Problems in the Banking Sector
Slovenian banks are dealing with a high rate of unpaid loans (the ratio of nonperforming loans accounts for 15 percent of gross customer loans) and are experiencing increasing difficulties in their efforts to recapitalize. With banking assets close to 150 percent of Slovenia's gross domestic product and a loan-to-deposit ratio near 180 percent (the European average is around 110 percent), Slovenian banks are among the most leveraged in the region.
Slovenia's banking sector is highly concentrated, with only three banks accounting for half of the sector. Moreover, Slovenia's first- and third-largest banks (Nova Ljubljanska Banka and Abanka Vipa, respectively) are controlled by the state. This means that the burden of recapitalization falls mainly on the public sector. The Slovenian state has been helping banks in distress since the beginning of the crisis, and more capital injections will be needed in the future.
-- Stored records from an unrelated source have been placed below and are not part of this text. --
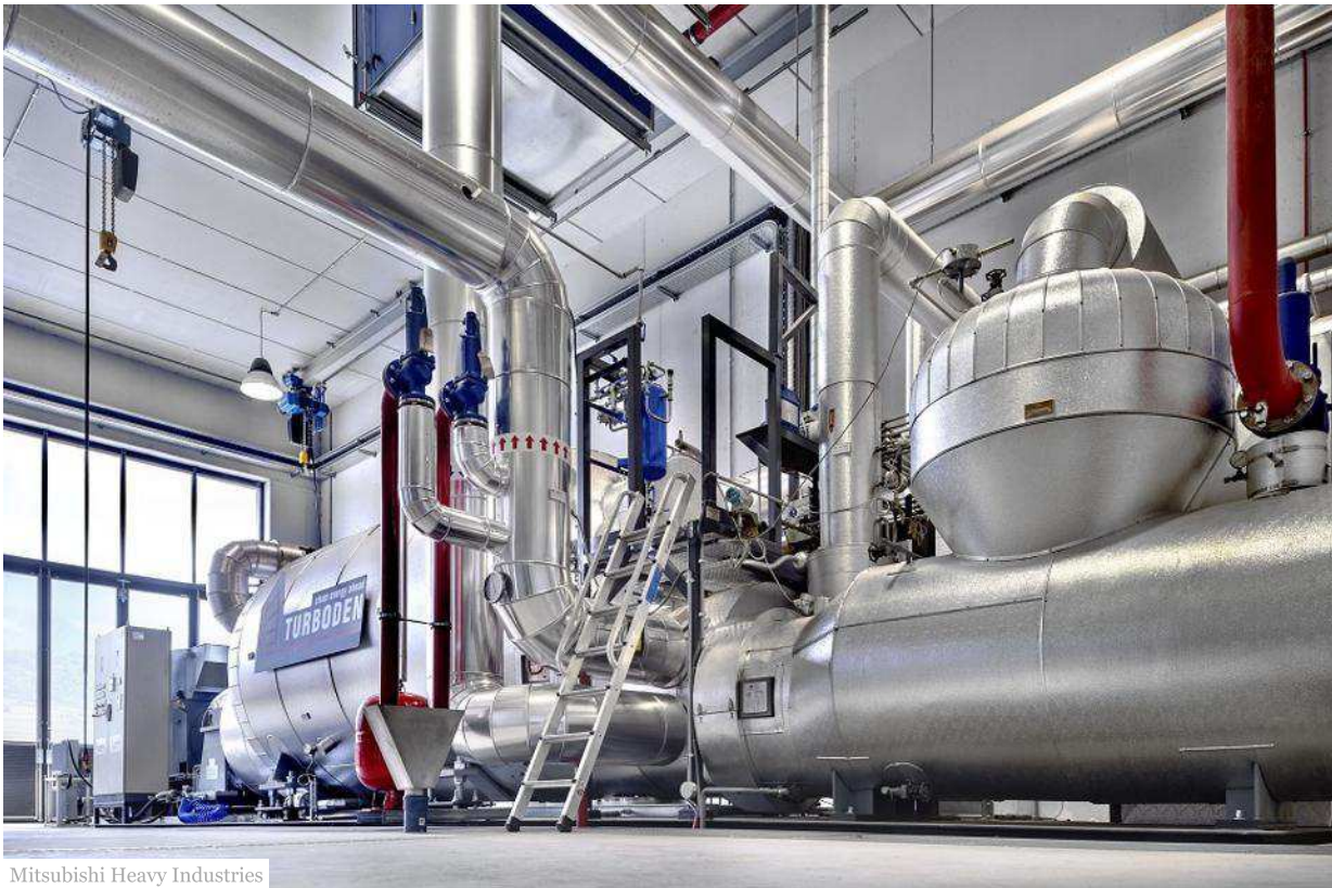
Mitsubishi Heavy Industries

How Güres and Turboden partnered to turn an environmental challenge into an innovative renewable energy solution [+]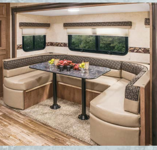
All MXTs offer large, comfortable dining areas, and most convert to additional sleeping spaces.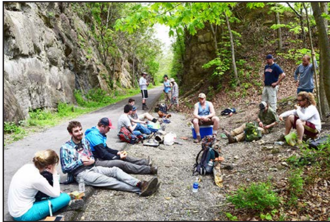
Advanced Structure students taking a lunch break during field trip to analyze folded rocks in Hancock MD, 2017.

This in part explains the rapid growth of Slovenia's sovereign debt in just four years (from 23 percent of GDP in 2007 to 45 percent in 2011).
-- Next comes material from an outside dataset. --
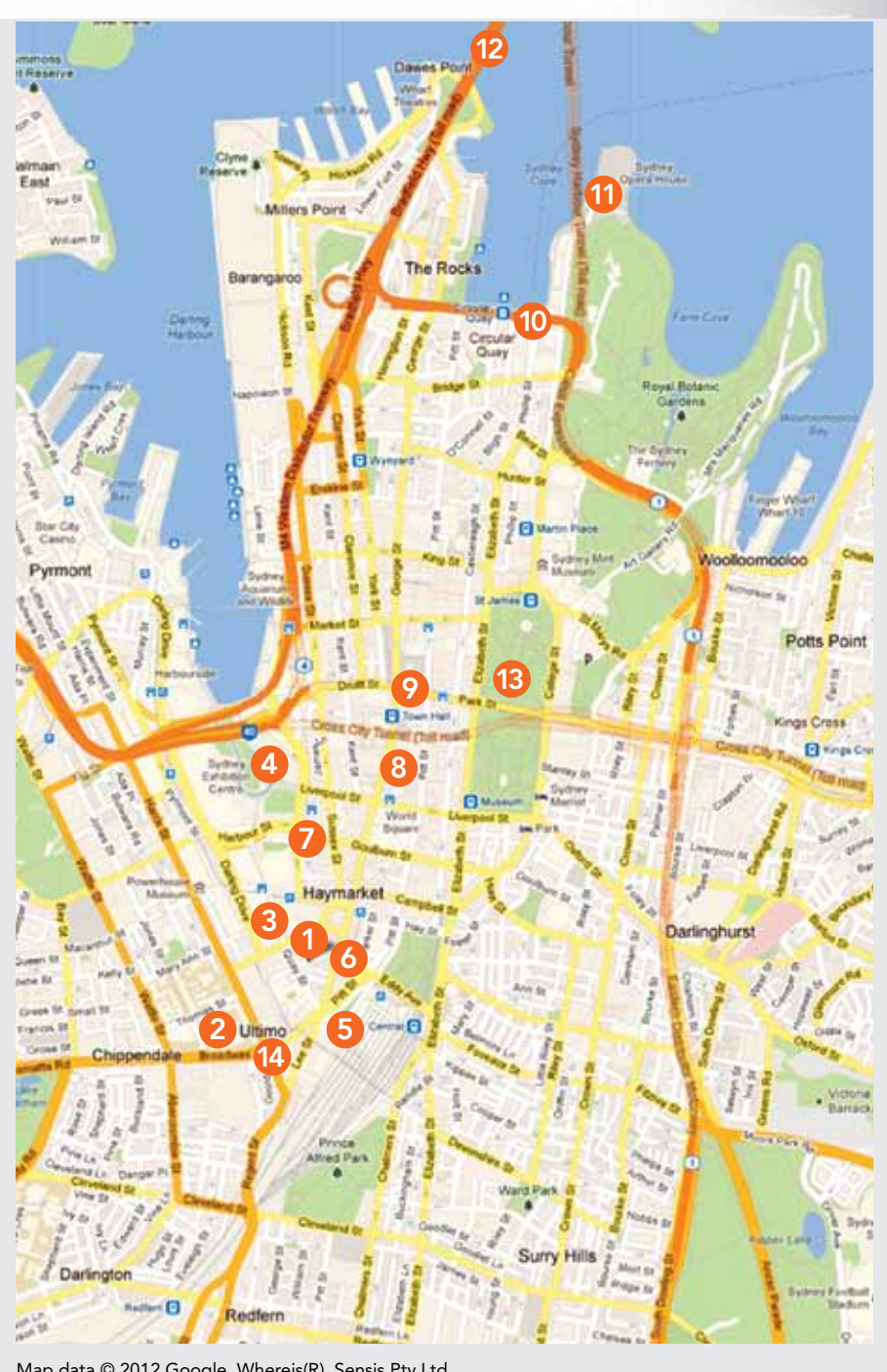
Map data © 2012 Google, Whereis(R), Sensis Pty Ltd

Slovenia has struggled recently to find private-sector funding. Belgium's KBC bank on July 3 withdrew a proposal to participate in the recapitalization of Nova Ljubljanska Banka. This forced the government to announce that it would provide the necessary funds for the recapitalization, estimated at 381 billion euros. In March, a lack of private interest pushed the state to buy a 250 million euro share issue by Nova Ljubljanska Banka. Slovenian Finance Minister Janez Sustersic then admitted June 19 that the bank may need an additional 500 million euros in the near future.
The June 28-29 EU summit brought some relief to Slovenia. After an agreement reached during the summit, the European Stability Mechanism could directly support eurozone banks. This would allow Slovenia to ask for a bailout for its banks without increasing its sovereign debt. However, this system has yet to be implemented, and there is still uncertainty about the extent of the Slovenian state's liability in any banking sector bailout.
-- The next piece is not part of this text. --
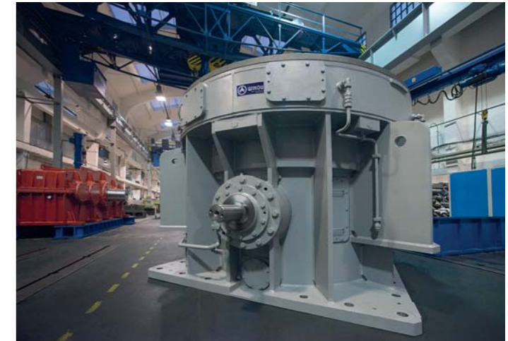
Vertical mill gearbox after refurbishment and upgrade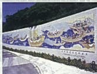
Battle of Dannoura 坛之浦战争

门司港于 1889 年开港。之后，结合了支持着近代日本发展的北九州工业能力，成为重要的大陆贸易港。以前曾是国际贸易港的街道，而今蜕变成同时融合了古老的大街与崭新的都市机能的观光地——“门司港怀旧区”，来自市内外的游客们，又为其增添了新的热闹景象。

Furthermore, even if the aid were channeled directly to the banks, the European Union would require Slovenia to reduce spending and implement reforms.
Struggle to Implement Reforms
Slovenia is still trying to recover from the impact that the European crisis had on its finances. In 2011, Slovenia's budget deficit reached 6.4 percent of GDP. The country plans to cut the deficit to 3.5 percent of GDP this year and to 3 percent in 2013, but that will not be an easy task. With the European crisis dampening demand for its exported goods, Slovenia fell into its second recession in three years in the last quarter of 2011. Though the Slovenian economy grew 0.2 percent in the first quarter of 2012, the Organization for Economic Co-operation and Development expects Slovenia's GDP to shrink by 2 percent for the year.
Ljubljana this year adopted measures to reduce spending by about 800 million euros. The reductions included cuts to public-sector wages and social benefits. The government has also announced plans to sell all or part of state-owned entities, including Nova Ljubljanska Banka, where the government hopes to reduce its 55 percent stake to 25 percent.
But structural reforms in Slovenia often meet strong social resistance. In a June 2011 referendum, Slovenian voters rejected a pension system reform that would have extended the retirement age to 65. (The current retirement age is 57 for women and 58 for men.) The government has stated its intent to bring the reform back up for discussion in 2013. This will likely generate new clashes with unions.
Attempts at labor reform also face solid opposition. About 15,000 people (in a nation of 2 million) took to the streets in Ljubljana in May 2010 to protest legislation that would limit some citizens — mostly students — to working only low-wage, part-time jobs. In January 2011, the Association of Free Trade Unions, Slovenia's largest national trade union confederation, staged demonstrations throughout the country to protest spending cuts. Earlier this year, pressure from trade unions led the government to abandon plans to reform the income tax system.
Furthermore, the Slovenian government has little political room to maneuver. Jansa's Slovenian Democratic Party leads a fragile coalition of five parties. The coalition was the result of a last-minute agreement after Zoran Jankovic, whose Positive Slovenia party won elections in December, failed to form a government. As a result, Jansa's government lacks cohesion and could fragment in the face of sustained opposition to its policies.
Given the severity of Slovenia's financial need and the relatively small size of its banking sector, securing an EU bailout would be the relatively easy part. Coping with public displeasure with the accompanying austerity measures would be much more difficult.